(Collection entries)
────────

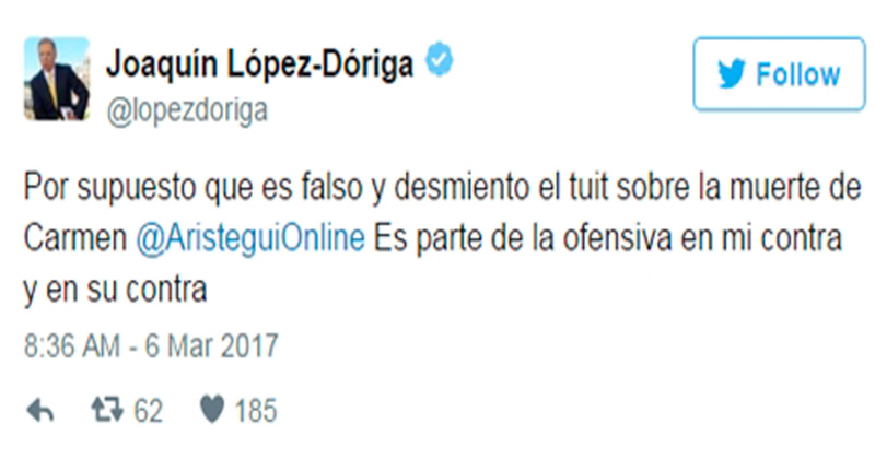 Mediante una publicación en su cuenta de Twitter, Joaquín López Dóriga desmintió que haya publicado del día de ayer un tuit en el que informaba la supuesta muerte de la periodista Carmen Aristegui.
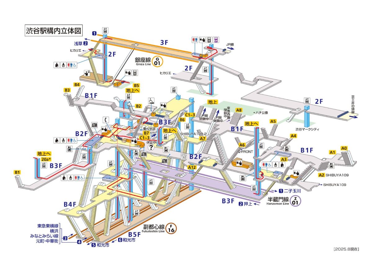 渋谷駅は複数の鉄道会社が集まる巨大ターミナルであり、銀座線は他路線と階層が大きく離れています。とくに地下深い半蔵門線・副都心線や東急線からの乗り換えは上下移動が多く、混雑時は想定以上に時間がかかる場合があります。
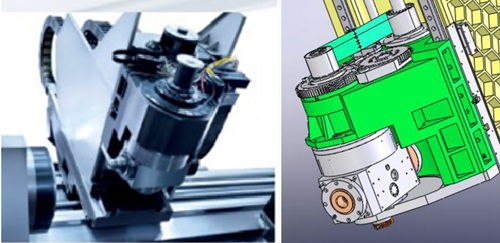 為提高B軸控制精度和響應(yīng)速度,對(duì)原有產(chǎn)品進(jìn)行升級(jí)改造,更改B軸結(jié)構(gòu),HTM63系列車銑加工中心采用力矩電機(jī)式B軸(見圖2)代替機(jī)械式B軸結(jié)構(gòu)形式(見圖3)。相比機(jī)械式B軸具有以下優(yōu)點(diǎn),傳動(dòng)鏈減少,以力矩電機(jī)結(jié)構(gòu)代替原齒輪傳動(dòng)結(jié)構(gòu),減少了減速變速、齒輪傳動(dòng)、齒輪定位等環(huán)節(jié)和零件;在保持B軸扭矩不變的情況下,提高系統(tǒng)傳動(dòng)效率及響應(yīng)速度,便于加工制造和壓縮裝配調(diào)整時(shí)間,提高裝配效率,減少裝配誤差;提高B軸動(dòng)態(tài)響應(yīng)能力,減少響應(yīng)時(shí)間,提高加工效率,增加使用可靠性和穩(wěn)定性。
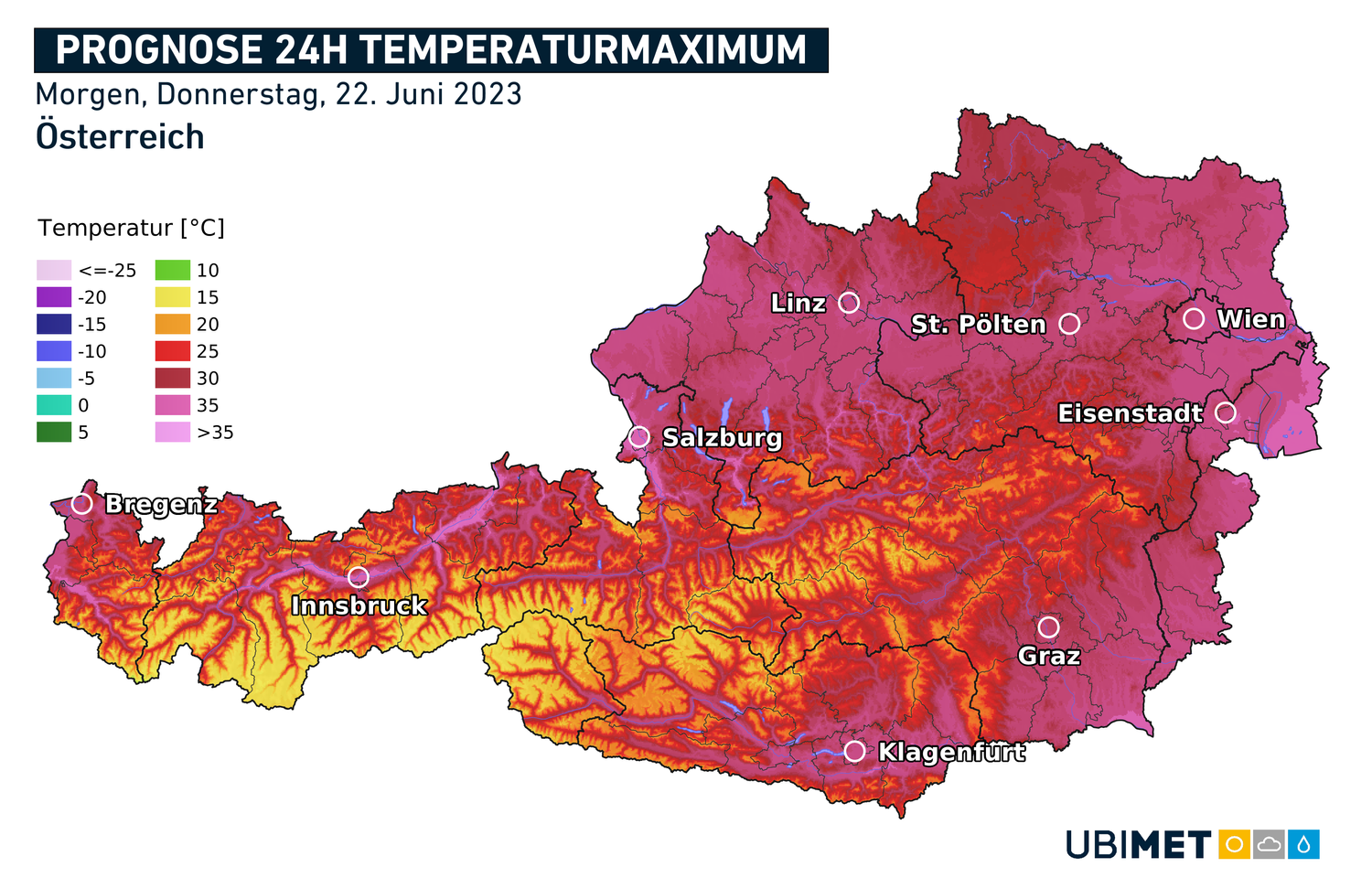 Der Sonntag hat erneut viel Sonnenschein zu bieten, durchziehende Wolkenfelder bleiben meist harmlos. Nur von den Hohen Tauern bis ins Mariazellerland können die Wolken auch etwas hartnäckiger ausfallen, es bleibt aber verbreitet freundlich und meist trocken. Bei nur mehr schwachem bis mäßigem Nordwestwind steigen die Temperaturen auf 23 bis 31 Grad, mit den höchsten Werten von Vorarlberg bis nach Oberkärnten.
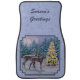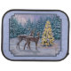 A whitetail buck and doe stand in a clearing surrounded by a forest of fir and pine trees, their branches heavy with snow. In the middle of the clearing is a Christmas tree decorated with warm holiday lights glowing through the snow to brighten the dark winter night. Realistic artwork created from an original oil painting by wildlife artist Crista S. Forest.
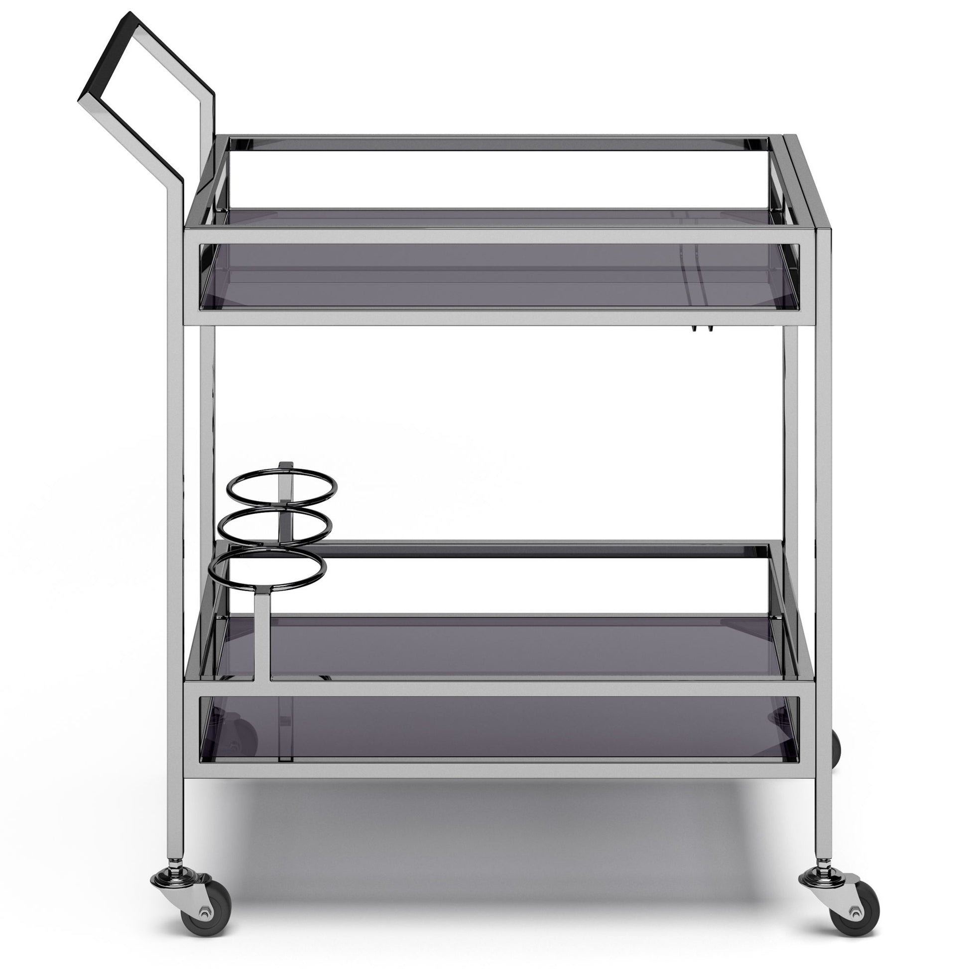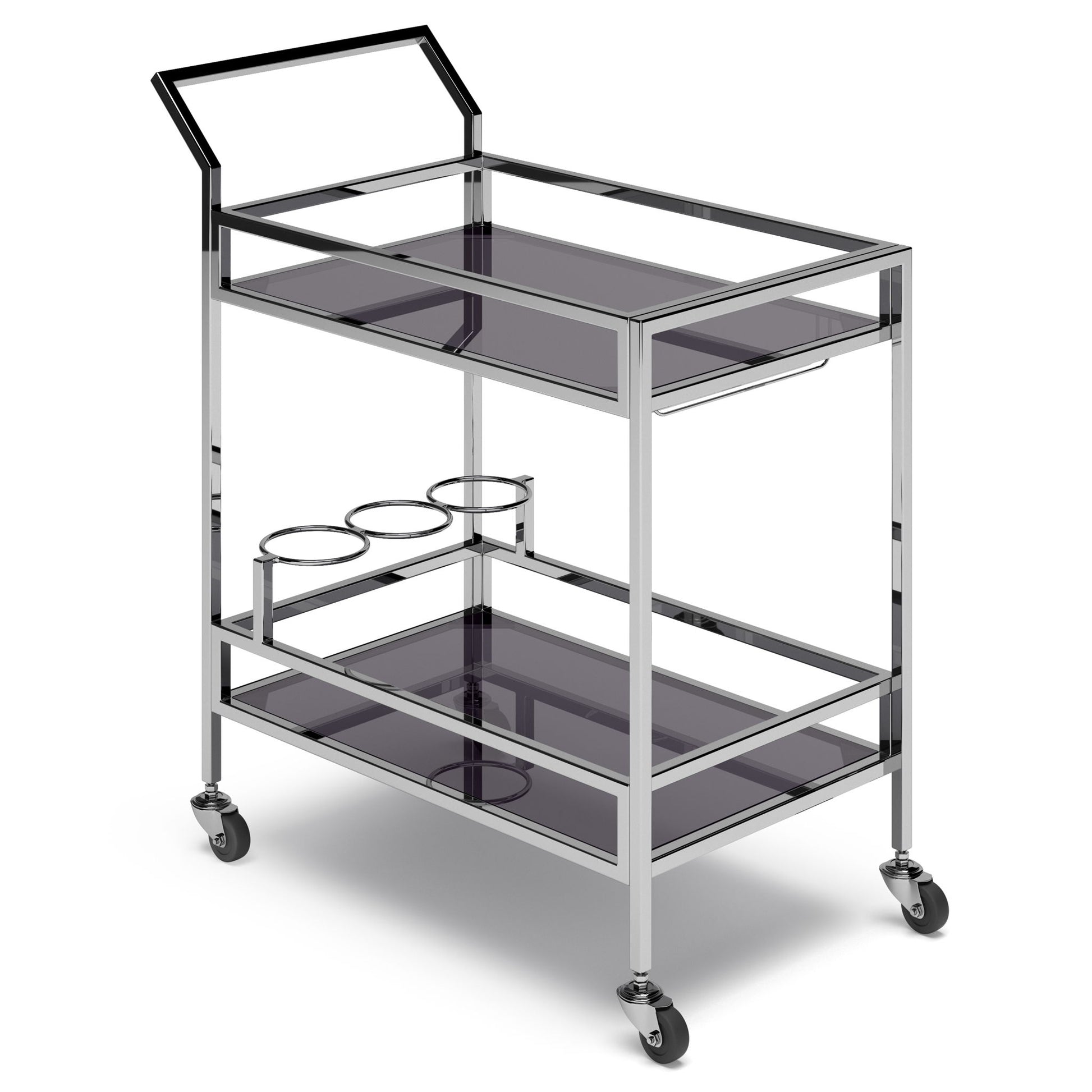 - Features Black toughened glass top and bottom shelves, one rack for hanging glasses, three rings for bottle storage, four caster wheels – two that lock and handle/pull

────────

ACTIVITY ::
Word for word and without pictures, please write out only the lines from the start of the entries through the line containing "渋谷駅は複数の鉄道会社が集ま", both included.

YOUR SOLUTION ::
 Mediante una publicación en su cuenta de Twitter, Joaquín López Dóriga desmintió que haya publicado del día de ayer un tuit en el que informaba la supuesta muerte de la periodista Carmen Aristegui.
 渋谷駅は複数の鉄道会社が集まる巨大ターミナルであり、銀座線は他路線と階層が大きく離れています。とくに地下深い半蔵門線・副都心線や東急線からの乗り換えは上下移動が多く、混雑時は想定以上に時間がかかる場合があります。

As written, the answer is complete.